In one embodiment, wafer transport system 18 includes a robot arm 30 and a controller 32. Robot arm 30 may be any conventional wafer processing robotic arm,
which provides R (translation) and Θ (rotation) movements. A gripper or end effector (not shown) may be attached to the end of robot arm 30. The end effector may be made of a heat resistant material, such as quartz, for picking-up and placing wafer 22. An example of a commercially available type of robot arm is the SHR3000 robot ("SHR3000 robot") from the JEL Corporation of Hiroshima, Japan. The SHR3000 robot can rotate 340°, has 200 mm of vertical motion, and can extend its arms 390 mm in the horizontal plane. Another example of a type of wafer processing robot is disclosed in U. S. Patent Application Serial No. 09/451,677, filed November 30, 1999, which is herein incorporated by reference for all purposes. Once wafer 22 is positioned in chamber 24, transport system 18 retracts and gate valve 29 closes to begin processing. After wafer 22 is processed, gate valve 29 opens to allow transport system 18 to pick-up and remove wafer 22 from the processing chamber.

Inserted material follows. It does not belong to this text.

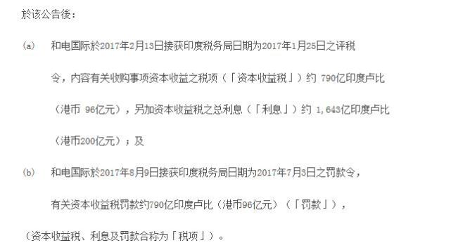 今年8月,和電國際又收到印度稅務當局的罰款令,有關資本收益稅罰款約790億印度盧比(港幣96億元)上述股權有關資本收益稅罰款約790億印度盧比(約96億港元)。

FIG. 2 is a flow diagram of an embodiment of the method of the present invention, which can be performed using processing system 10 of FIG. 1. In this embodiment, processing chamber 24 is a furnace. Furnace 24 may be any conventional type wafer processing furnace, such as any lamp-based or resistively heated furnace. In accordance
with the present invention, furnace 24 can be pumped down (40) to a vacuum pressure using a conventional pumping system 32. Pumping down (40) furnace 24 ensures that substantially all moisture and oxygen are removed from the furnace to prohibit the formation of a native SiO2. Optionally, furnace 24 may be filled with an inert gas (42), such as Argon or Helium, to ensure that residual oxygen and moisture are substantially removed from furnace 24. As further described below, furnace 24 may also be filled with N2 for diluting the reactive gas.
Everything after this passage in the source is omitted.